Reportage sur les enfants accusés de sorcellerie à Kinshasa
Les faits que je raconte se sont passés en février 2009. Je n’ai jamais pensé raconter tout ça, peut-être pour oublier. Mais je réalise que ce genre de choses ne s’oublie pas, qu’on en reste marqué à vie.
Tout a commencé lorsque Freddy Mata, un collègue journaliste et moi, avons reçu une bourse de Journalists for Human Rights, une ONG canadienne. Cette bourse devait nous permettre de réaliser des reportages, que nous devions diffuser à la radio. Ayant plusieurs fois participé à des campagnes sur la question que nous comptions traiter- les enfants accusés de sorcellerie-Freddy a suggéré ce thème. Ensemble, nous avons travaillé sur les angles à traiter, choisi les personnes à interroger et formé une petite équipe de 3 pour nos descentes sur le terrain. Emmanuel, un ancien collègue de la radio qui travaillait alors dans une autre radio privée, devait nous rejoindre et produire des reportages pour sa radio.

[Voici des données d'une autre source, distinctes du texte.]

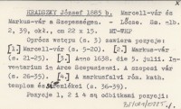 HRADSZKY József 1885 a A markusfalvi róm. kath. templom és síremlékei.
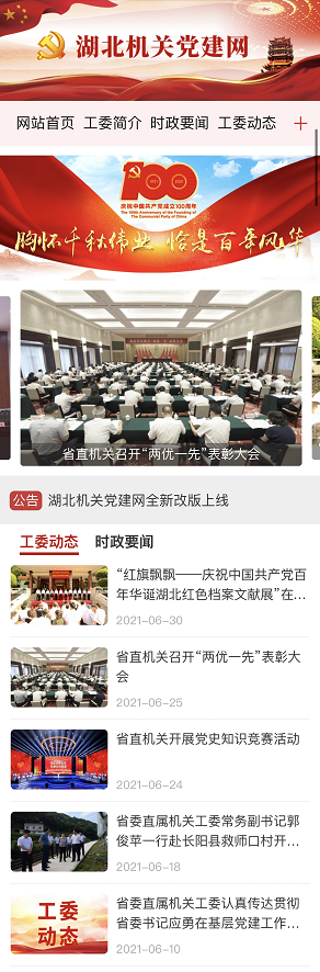 建網(wǎng)15年來,湖北機關(guān)黨建網(wǎng)總體運行良好,傳播力、影響力和公信力逐年提升,成為全省機關(guān)黨建工作的窗口,交流黨建工作的重要陣地。省委直屬機關(guān)工委歷來高度重視湖北機關(guān)黨建網(wǎng)陣地建設(shè),為了更加符合新媒體時代發(fā)展趨勢,更加貼近黨員干部的用網(wǎng)需求,今年聯(lián)合荊楚網(wǎng)技術(shù)團隊,對網(wǎng)站的頁面風(fēng)格、欄目設(shè)置、選題內(nèi)容等進行優(yōu)化,并推出手機版,實現(xiàn)了一鍵帶圖分享、字體自由調(diào)節(jié),欄目更加科學(xué)、界面更加大氣、訪問更加便捷、閱讀更加流暢。
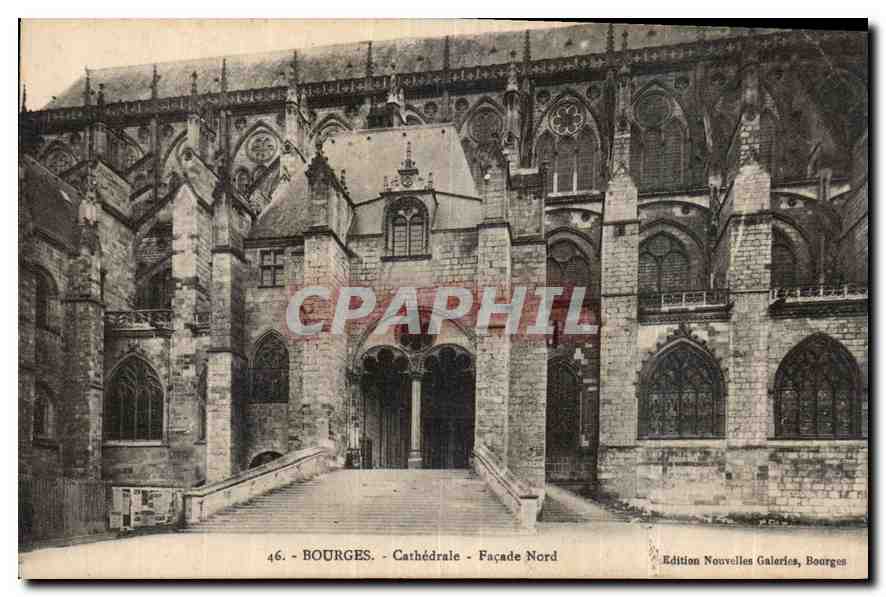 Old Postcard Bourges Cathedral Facade North
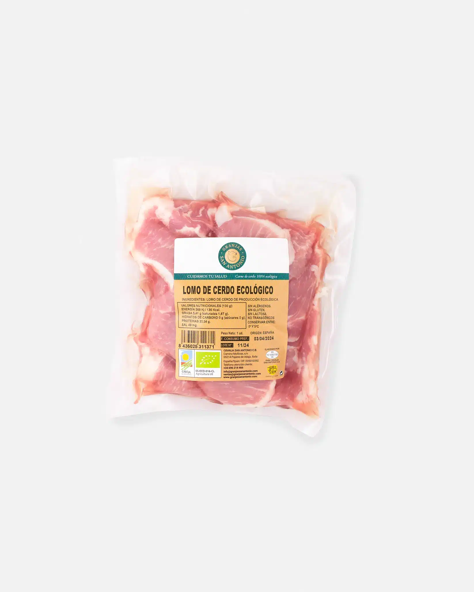 | Producción ecológica | Lomo de cerdo ecológico. |
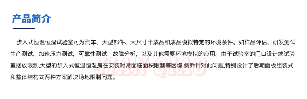產(chǎn)品型號:JQWI-12(非標定制款) 品牌:劍 喬 用途:步入式恒溫恒濕試驗室可為汽車、大型部件、大尺寸半成品和成品模擬特定的環(huán)境條件。如樣品評估、研發(fā)測試生產(chǎn)測試,加速壓力測試,可靠性測試,故障分析,以及其他需要環(huán)境模咨詢熱線:13829135130
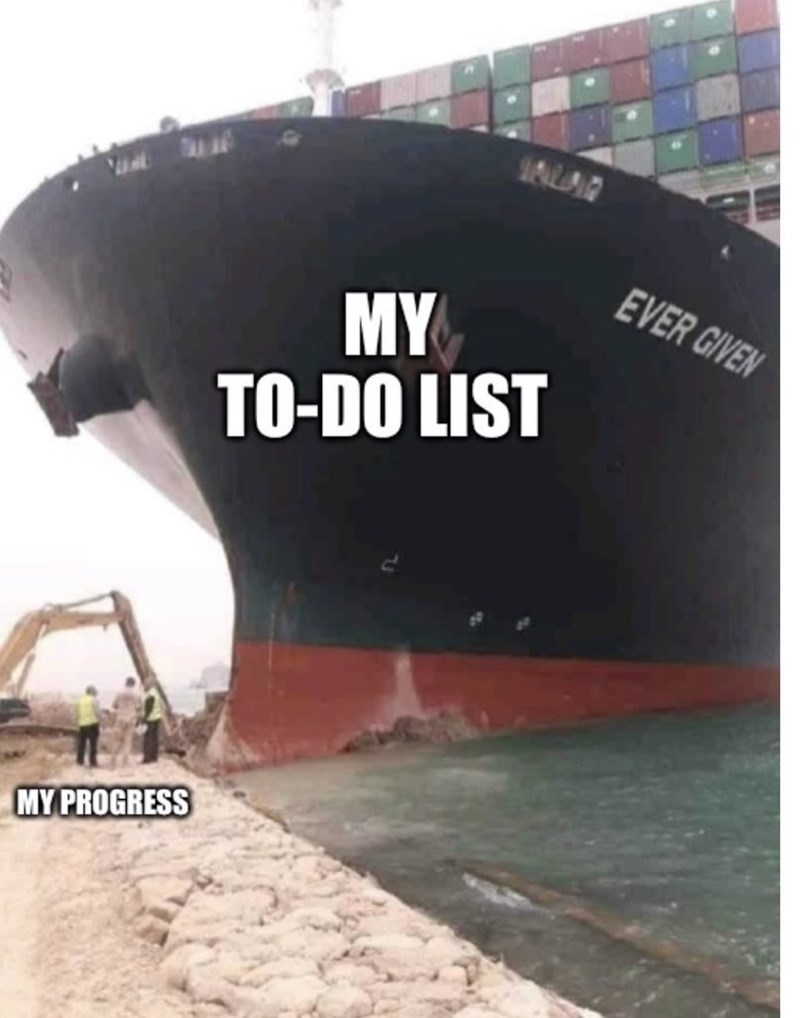 5pz1g617fhhdfm from assets.ozy.com A picture of a cargo ship blocking the suez canal with the words my spring break to do list written over it. Egipto suspendió la navegación por el cauce artificial este jueves después de que el portacontenedores mv ever given quedara varado por los fuertes vientos. If your submission begins with when you… or when they… or anything of a similar nature, it is not allowed here. No memes, hifw, mrw, meirl, dae, or similar posts. The ship that launched a thousand memes! See more 'suez canal jam' images on know your meme! Giant container ship ever given grounded and blocked suez canal ais data shows the mv ever given is stuck sideways within the canal, preventing ships from. Suez canal jam uploaded by philipp.
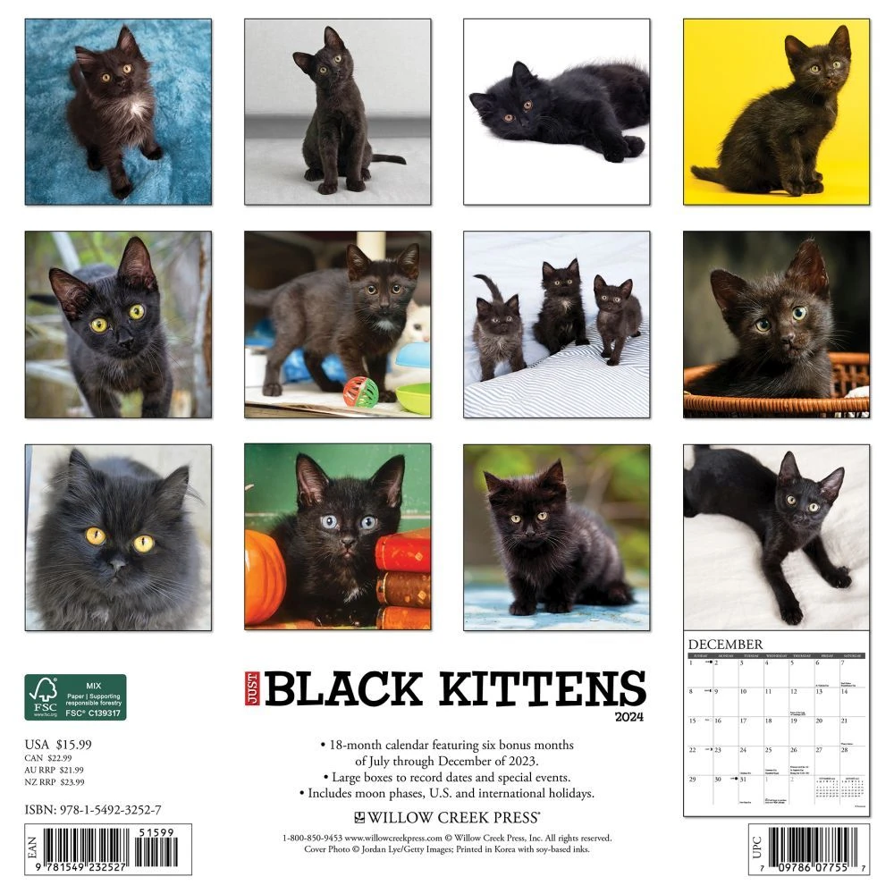 These dark, inky babies are full of cuddles, mischief, fluff and fun. Printed with soy based inks on FSC certified paper, this 12″ x 24″ wall calendar features large monthly grids that offer ample room for jotting notes, along with six bonus months of July through December of 2023. Also includes moon phases (CST), standard U.S. and international holidays.
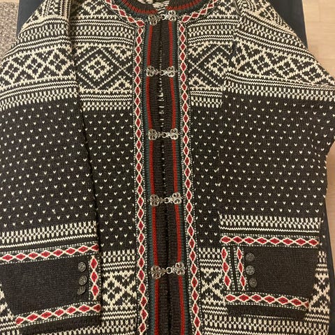 Selges for en venn . Genseren er pent brukt men har vanlig nupper som er lett å fjerne . Noen få hundehår kan forekomme siden eieren har hatt hund før .
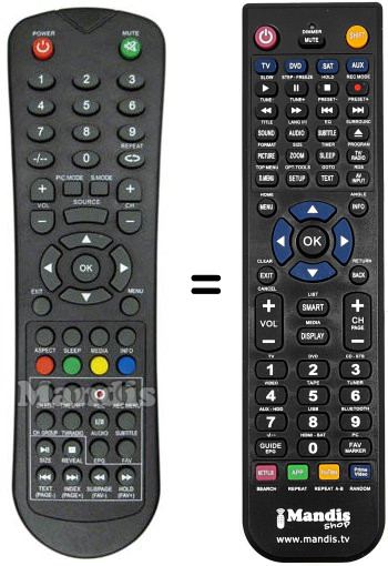 Télécommande qui remplace celle d'origine car elle possède les mêmes fonctions.
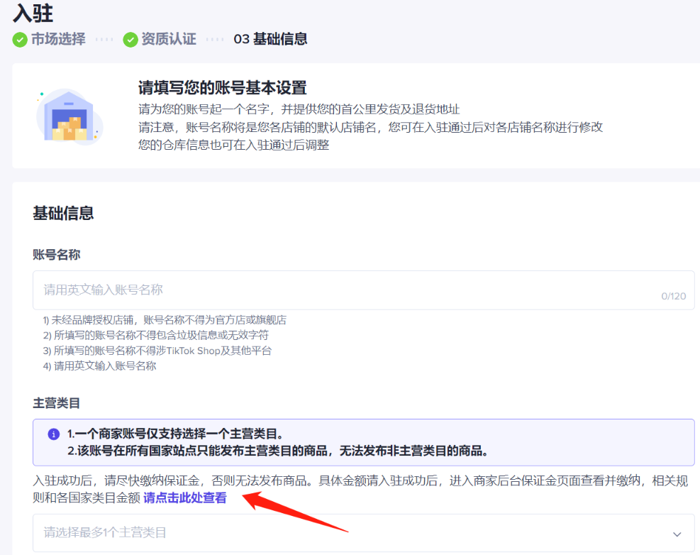 设置店铺名称,需是英文填写且全网唯一店铺注册成功后,需要注册与TikTok Shop命名一致的TikTok账号进行绑定。选择主营类目,一个商家账号仅支持选择一个主营类目,该账号在所有国家站点只能发布主营类目的商品,无法发布非主营类目的商品(选择完成后,会根据商家选择的主营类目显示所需缴纳的保证金金额。
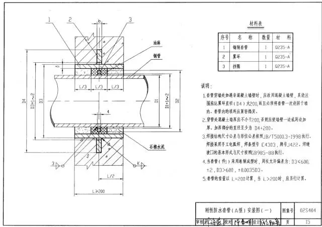 穿線密閉套管說明:1、當(dāng)迎水面為腐蝕性介質(zhì)時,可采用封堵材料將縫隙封堵;2.套管穿墻處如遇非混凝土墻壁時,應(yīng)局部改用混凝土墻壁,其澆注范圍應(yīng)比翼環(huán)直徑(DS)大200,并且必須將套管一次澆固…
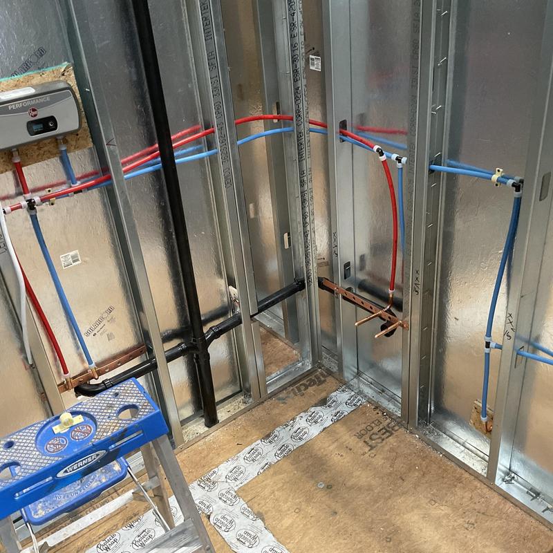 PHAY Plumbing Services LLC performed rough-in plumbing for a new build in Litchfield Park, Arizona. This phase included installing water supply and drain lines before wall finishes. The team ensured accurate pipe placement to support future fixture installation and system function.
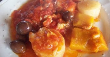 Une morue à l’italienne avec une sauce tomate, ail, oignons, olives, piment, courge et navets, pour ce plat aussi bon qu’original.

Première étape, la rencontre avec des enfants accusés de sorcellerie. Cela s’est passé dans un centre qui accueillait des jeunes filles chassées de chez elles. Elles y étaient logées, nourries et fabriquaient des sacs en laine et autres petits accessoires avec l’encadrement des sœurs qui géraient l’endroit. Le directeur nous a accueilli et nous a expliqué que la plupart des filles, des adolescentes, s’étaient habituées à la vie dans la rue et malgré l’hébergement leur offert au centre, elles préféraient aller au centre-ville demander de l’argent aux passants et même se prostituer parfois pour des sommes minimes (entre 500 et 1000 francs congolais, soit la moitié d’un dollar ou un dollar). Beaucoup aussi ont adopté le mensonge comme mécanisme de défense, inventant des histoires à chaque fois qu’il leur était demandé de raconter leur vie. Nous avons néanmoins pu interroger quelques filles. L’une d’entre elles, Angèle, 14 ans, nous rapporte que sa tante a dit à sa mère que la jeune fille était la cause des malheurs de la famille et que si elle ne la chassait pas, toute la famille en souffrirait. Elle martèle d’une voix triste « Je ne suis pas une sorcière… ». Sarah est encore plus jeune. 11 ou 12 ans. De sa voix tremblotante, elle raconte que le mari de sa grande sœur la battait, l’accusant d’être à la base du retard de croissance de leur fille. Il l’a emmenée dans une église, où la jeune fille est restée à jeun 6 jours « pour faire partir les démons ». Excédée, elle est partie, pour fuir tout cela.